Were you able to exactly reproduce the same model parameters for your runs?
I.e. did you compare the state_dicts before running the validation loop?
Even if you are seeding and getting the same data samples for your runs, the result might still differ, e.g. due to cudnn as described in the Reproducibility docs.

I load the same pre-trained model in both cases.
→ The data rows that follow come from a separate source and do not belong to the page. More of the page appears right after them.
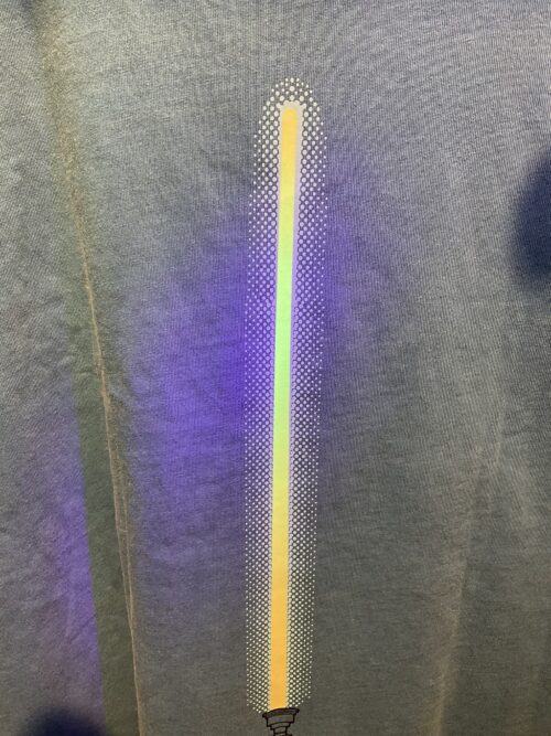 Tシャツのライトセーバー部分は蓄光プリントになっており、暗闇で光ります!写真は、ブラックライトを当てた際のTシャツ。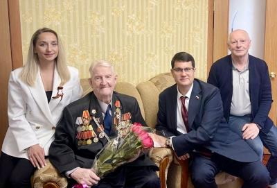 Коммунисты поздравили Алексея Ивановича с наступающим Днем Победы, пожелали здоровья и отличного настроения, вручили цветы и подарки.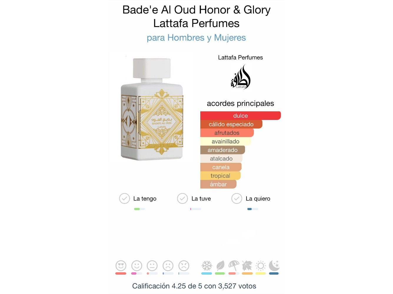 Bade’e Al Oud Honor & Glory de Lattafa es una fragancia cautivadora que combina notas dulces y especiadas, creando una experiencia olfativa inolvidable. Su aroma envolvente es perfecto para quienes buscan una esencia distintiva y con carácter.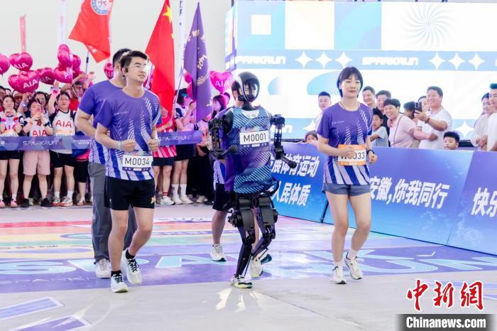 中新网合肥6月11日电(记者 张俊)人形机器人与人类选手并肩奔跑,按摩机器人用机械臂为选手缓解疲惫。6月10日晚,2025 SPARK RUN追光夜跑在合肥骆岗公园举行,机器人与体育赛事深度融合互动成为全场焦点。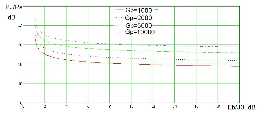 В общем случае мощность станции преднамеренных помех значительно выше мощности теплового шума. Поэтому суммарную величину отношения сигнал/шум можно считать равной E>b>/J>0>, подразумевая при этом отношение энергии бита данных к спектральной плотности мощности преднамеренной помехи, которое обеспечивает поддержание заданного уровня вероятности ошибок в канале связи.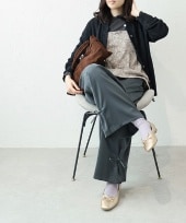 ゆるっと着られる大人可愛いネイビーブラウスは、すっきりVネックで華奢見え。ワイドデニムパンツを合わせることで、甘すぎないカジュアルな印象に。リラックス感とスタイルアップを両立した、夏のお出かけにぴったりのコーデです。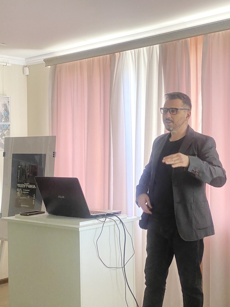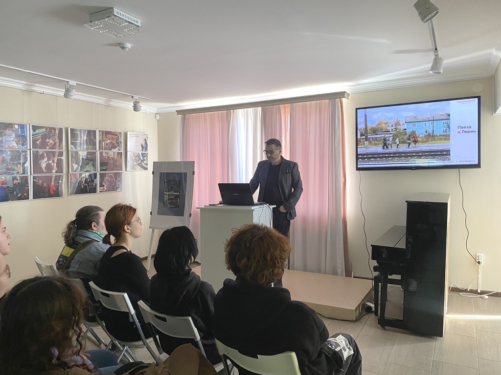 Одним из таких проектов является фотовыставка «Попутчики», спонсором которой выступили Российские железные дороги. Лектор рассказал присутствующим о том, как возникла сама идея создания данного проекта, какие цели и задачи были у авторов, как разрабатывался маршрута путешествия, и как в результате всего этого появилась серия фоторабот, представленных в экспозиции. На примере десятков фотографий, множества видеосюжетов автор поделился знаниями об особенностях съемки в дороге и о том, как правильно составлять «дневник путешественника».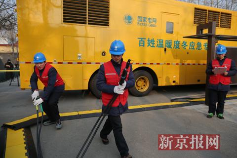 国网北京电力运维检修部副主任林涛介绍说,“此次模拟了渣土车撞电杆导致煤改电村发生停电故障,我们立即进行应急供电、设备抢修等工作。刚才,我们调派了发电车,为煤改电村迅速恢复供电,保障居民温暖过冬。”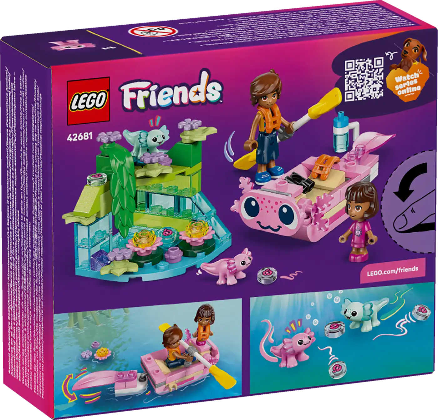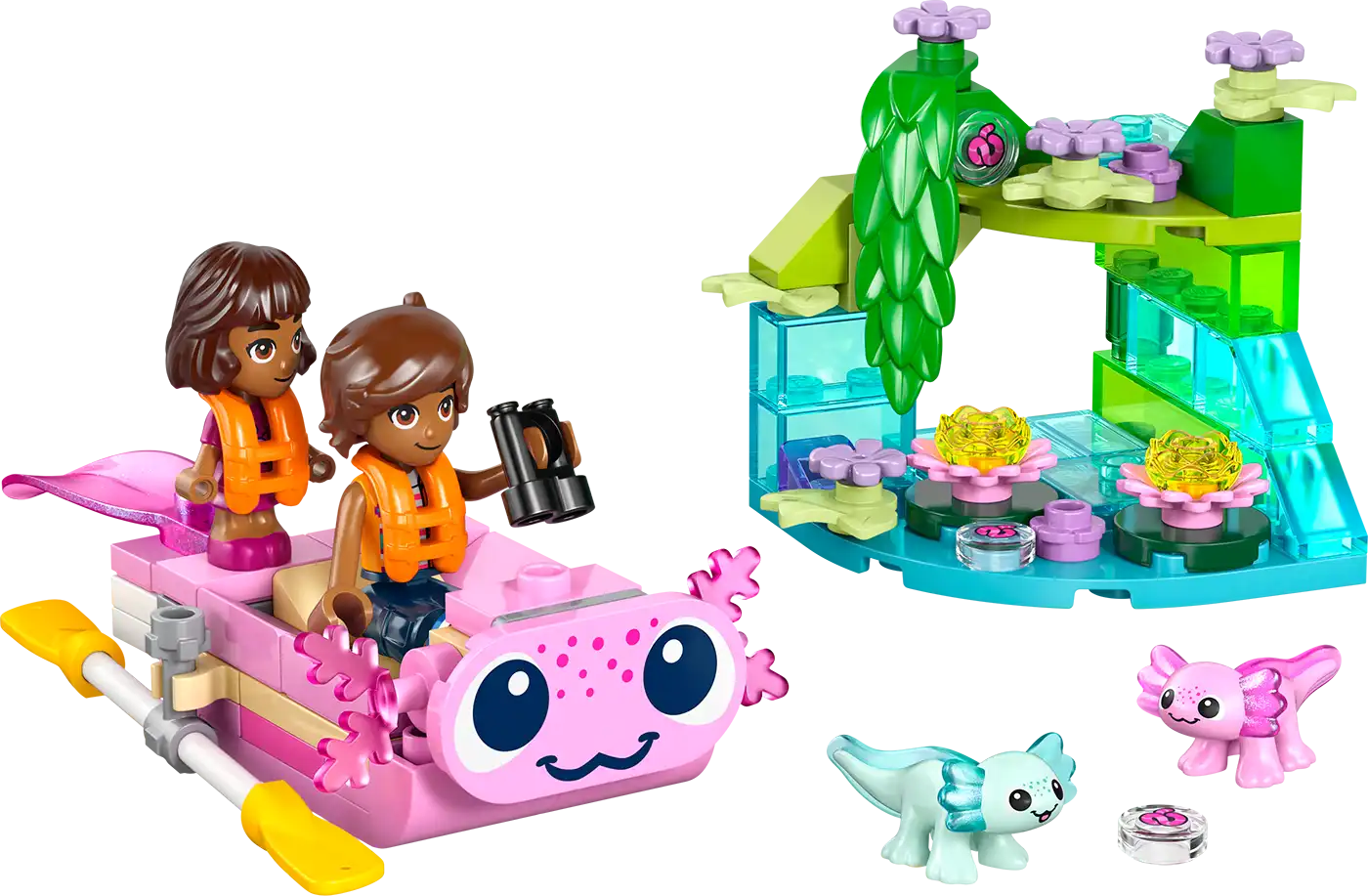 A gyerekek remekül szórakozhatnak majd az axolotltémájú csónakkal, amelyet egy barátságos arc és egy ficánkoló farok díszít. A csónakon vannak ülőhelyek a figurák számára, és 2 mentőmellény is tartozik hozzá. A melléképítmény növényeket, virágokat és vizet jelenít meg, így a gyerekek megépíthetik az axolotlok természetes élőhelyét.

In the case of running this model on the test set, the output is always the same. Do you think there still can be any room for such nondeterministic behavior?

Did you follow the advice from the reproducibility docs?
Are you using and random transformations in your Dataset for the validation set?